Auch wenn der Iran-Krieg bislang keine unmittelbaren Engpässe verursacht hat, mahnt die Europäische Arzneimittel-Agentur (EMA) zur Vorsicht: Störungen im Luft- und Seetransport könnten das Risiko künftiger Lieferprobleme erhöhen. Gemeinsam mit den Mitgliedstaaten beobachtet die Behörde die Lage kontinuierlich. In Österreich bereiten sich die Großhändler vorsorglich auf mögliche Verzögerungen in den Lieferketten vor, sollte der Konflikt länger andauern.

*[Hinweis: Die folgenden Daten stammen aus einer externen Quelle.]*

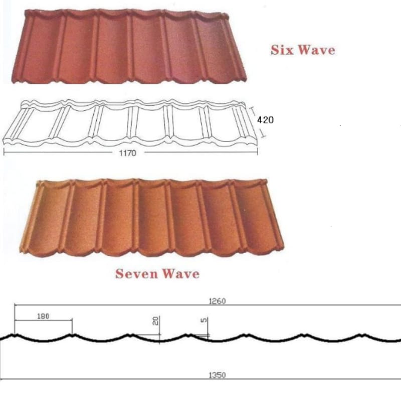 彩石金屬瓦采用防腐性能優(yōu)異的鋁鋅鋼板為基材,水性丙烯酸酯為粘結(jié)劑,燒結(jié)彩砂為面層,耐候丙烯酸樹脂為外層(相當(dāng)于油漆)的新型屋面材料。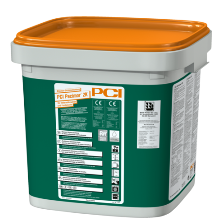 PCI Pecimor 2K to modyfikowana polimerami bitumiczna masa uszczelniająca. Nakładana w postaci półpłynnej, po wyschnięciu i związaniu tworzy elastyczną, ciągłą i całkowicie nieprzepuszczalną dla wody powłokę. W odróżnieniu od materiałów rolowych (pap i folii) umożliwia wykonanie powłoki bezszwowej, tzn. bez połączeń, które stanowią pierwsze potencjalne miejsce przecieków. Charakteryzuje się bardzo dobrą przyczepnością do podłoża, co oznacza pełne z nim połączenie (stan praktycznie niemożliwy do osiągnięcia w przypadku zastosowania przywołanych już pap oraz folii), a tym samym brak możliwości przesiąkania wody.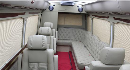 车内的内饰改装才是彰显尊贵的主要内容。如果这是一款接待用车,17座的丰田考斯特改装车的容量足以满足你接待大型的客户参观工作。而且从车内座位的布局上我们可以发现,丰田考斯特17座改装车采取的座位布局是由后排到前排为43332的座位安排呢,再加上主副驾驶席。但是我们也可以发现主副驾驶席是可以和乘客车厢之间用隔断隔开的。在隔断上我们可以安装大屏幕液晶显示屏。在接待来宾之时 我们便可以借此介绍或者宣传我们的企业或者产品。

„Unsere 23 Arzneimittellager sind aktuell mit über 14 Mio. Packungen sehr gut gerüstet. Jeder Betrieb hat Notfallpläne. Diese sind wichtig, weil wir Teil der kritischen Infrastruktur in Österreich sind. In der Corona-Pandemie haben wir gezeigt, dass wir die Arzneimittelversorgung stabil halten können. Wir profitieren jetzt von den Lehren, die wir aus der Pandemie ziehen konnten“, erklärt Dr. Monika Vögele, Generalsekretärin der PHAGO. Erste wirtschaftliche Auswirkungen des Konflikts sind jedoch bereits spürbar. „Durch die massiv gestiegenen Erdölpreise explodieren uns gerade die Transportkosten für die täglichen Medikamentenauslieferungen an die Apotheken“, heißt es vonseiten der PHAGO.
Um die Versorgungssicherheit weiterhin zu gewährleisten, wurden umfangreiche Maßnahmen getroffen. So können alle PHAGO-Lager im Notfall mehrere Tage autark mittels Notstromaggregaten betrieben werden, während zentrale Dieseltanks zusätzliche Absicherung bieten. Besonders sensible Arzneimittel unterliegen strengen Kühlketten: Die Temperaturen werden rund um die Uhr überwacht, bei Abweichungen erfolgt umgehend ein Alarm. Bei regionalen Engpässen ist zudem ein rascher Austausch von Beständen zwischen Lagerstandorten vorgesehen.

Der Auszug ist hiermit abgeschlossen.